§ **Your task**:
Write out again, word for word, the lines below from the line that holds "Atmosphere above and" through the line that holds "Phía đối diện, Metz", omitting pictures.

§ **Records for the task**:
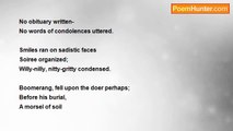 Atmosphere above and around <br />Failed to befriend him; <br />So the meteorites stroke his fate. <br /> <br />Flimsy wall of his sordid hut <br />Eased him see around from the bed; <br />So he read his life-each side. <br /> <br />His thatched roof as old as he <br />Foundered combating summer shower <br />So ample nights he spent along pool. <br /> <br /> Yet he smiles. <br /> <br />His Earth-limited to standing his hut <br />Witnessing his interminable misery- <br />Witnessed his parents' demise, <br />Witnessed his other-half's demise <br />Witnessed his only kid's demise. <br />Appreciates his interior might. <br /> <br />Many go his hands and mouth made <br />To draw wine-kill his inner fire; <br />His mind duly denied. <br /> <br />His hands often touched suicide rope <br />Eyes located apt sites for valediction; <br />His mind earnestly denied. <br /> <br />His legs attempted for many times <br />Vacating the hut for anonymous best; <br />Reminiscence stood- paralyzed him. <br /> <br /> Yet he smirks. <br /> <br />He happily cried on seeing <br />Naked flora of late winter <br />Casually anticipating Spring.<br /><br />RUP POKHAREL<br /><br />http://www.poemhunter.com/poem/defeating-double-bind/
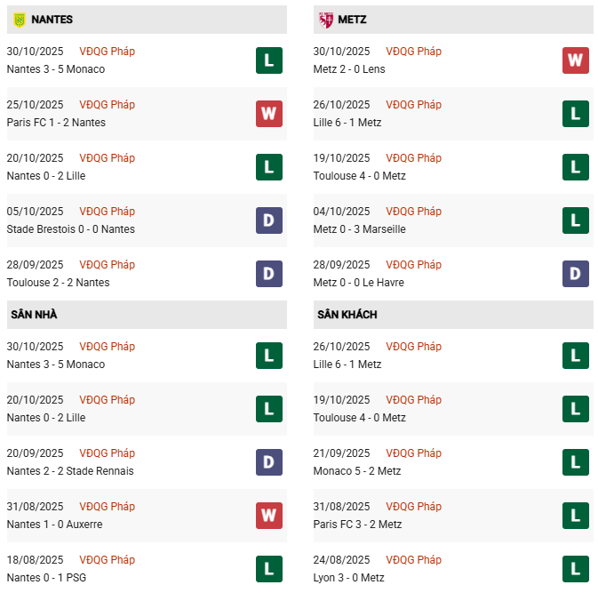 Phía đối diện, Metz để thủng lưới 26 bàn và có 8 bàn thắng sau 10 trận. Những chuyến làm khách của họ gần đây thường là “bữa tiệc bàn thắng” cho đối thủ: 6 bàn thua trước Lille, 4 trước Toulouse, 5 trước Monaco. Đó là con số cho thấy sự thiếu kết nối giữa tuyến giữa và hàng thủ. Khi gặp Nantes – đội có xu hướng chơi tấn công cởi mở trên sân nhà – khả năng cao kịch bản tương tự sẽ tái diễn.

* * *

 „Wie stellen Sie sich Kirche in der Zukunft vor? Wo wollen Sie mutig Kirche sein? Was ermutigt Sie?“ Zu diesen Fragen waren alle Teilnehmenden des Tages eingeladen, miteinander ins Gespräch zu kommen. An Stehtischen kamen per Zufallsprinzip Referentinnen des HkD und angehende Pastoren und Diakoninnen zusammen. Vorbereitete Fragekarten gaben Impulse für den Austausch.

§ **The completed task**:
 Atmosphere above and around <br />Failed to befriend him; <br />So the meteorites stroke his fate. <br /> <br />Flimsy wall of his sordid hut <br />Eased him see around from the bed; <br />So he read his life-each side. <br /> <br />His thatched roof as old as he <br />Foundered combating summer shower <br />So ample nights he spent along pool. <br /> <br /> Yet he smiles. <br /> <br />His Earth-limited to standing his hut <br />Witnessing his interminable misery- <br />Witnessed his parents' demise, <br />Witnessed his other-half's demise <br />Witnessed his only kid's demise. <br />Appreciates his interior might. <br /> <br />Many go his hands and mouth made <br />To draw wine-kill his inner fire; <br />His mind duly denied. <br /> <br />His hands often touched suicide rope <br />Eyes located apt sites for valediction; <br />His mind earnestly denied. <br /> <br />His legs attempted for many times <br />Vacating the hut for anonymous best; <br />Reminiscence stood- paralyzed him. <br /> <br /> Yet he smirks. <br /> <br />He happily cried on seeing <br />Naked flora of late winter <br />Casually anticipating Spring.<br /><br />RUP POKHAREL<br /><br />http://www.poemhunter.com/poem/defeating-double-bind/
 Phía đối diện, Metz để thủng lưới 26 bàn và có 8 bàn thắng sau 10 trận. Những chuyến làm khách của họ gần đây thường là “bữa tiệc bàn thắng” cho đối thủ: 6 bàn thua trước Lille, 4 trước Toulouse, 5 trước Monaco. Đó là con số cho thấy sự thiếu kết nối giữa tuyến giữa và hàng thủ. Khi gặp Nantes – đội có xu hướng chơi tấn công cởi mở trên sân nhà – khả năng cao kịch bản tương tự sẽ tái diễn.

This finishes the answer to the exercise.